Avec la montée concomitante des extrêmes en Israël et dans le monde arabe, la Shoah s’est trouvée au cœur de deux discours qui s’affrontent.
Au regard des faits, on ne peut accepter la thèse selon laquelle tous les Arabes auraient adhéré au nazisme et à sa politique antisémite, ni qu’ils se seraient rangés comme un seul homme derrière le Mufti Al Husseini devenu hitlérien. Même s’il est parvenu, à un certain moment, à mobiliser de nombreux partisans, on ne peut pas non plus continuer à affirmer que le Mufti fut le héros des peuples arabes. L’Israélien Zvi Elpeleg note qu’à sa mort, en 1974, son souvenir avait disparu de la conscience palestinienne : « Aucun jour de deuil ne fut décrété en sa mémoire… son nom ne fut donné à aucune rue… aucun mémorial ne fut construit en son honneur ». N’était-il pas le symbole de la défaite ?

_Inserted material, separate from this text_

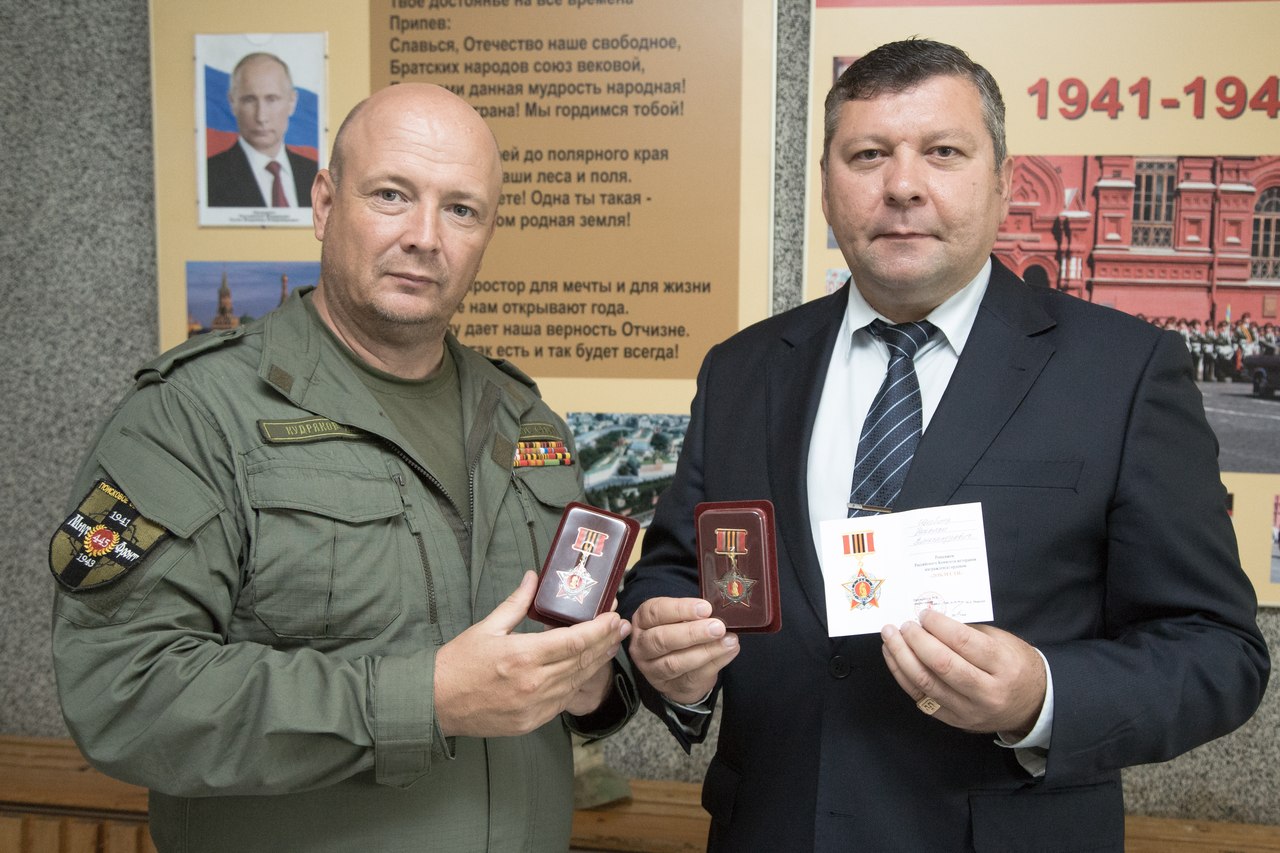 24 сентября 2016 года в Доме Офицеров гарнизона Южного военного округа представителей Ростовского Духовно-Патриотического центра святого Георгия Победоносца - руководителей Поискового Объединения «Миус-Фронт» Владимира Ивановича Афанасенко и Андрея Юрьевича Кудрякова наградили Орденом Доблести. Также среди награждённых ростовчан был наш товарищ, ветеран Российской Армии, десантник Николай Александрович Щербина. Вручал награды ветеран спецназа, разведки генерал-майор Владимир Николаевич Чернобылов. Среди собравшихся на награждение были ветераны Великой Отечественной Войны, а также ветераны Вооруженных Сил Российской Федерации.

En revanche, les sionistes n’ont pas manqué de tirer argument de l’antisémitisme d’Al Husseini et de sa collaboration avec Hitler pour noircir l’image des Arabes. Le spectre du Mufti est aujourd’hui encore brandi par la doxa officielle en Israël : il est en bonne place à Yad Vashem, le mémorial de la Shoah à Jérusalem. Le mur qui lui y est réservé, explique un autre Israélien Tom Segev, vise à persuader le visiteur que la volonté des nazis d’exterminer les Juifs et l’hostilité arabe à Israël ont des points communs. De même, dans l’Encyclopedia of the Holocaust, publié avec le concours de Yad Vashem, l’article consacré au Mufti est beaucoup plus long que ceux dédiés aux principaux responsables nazis tels que Goebbels, Himmler, Eichmann, etc.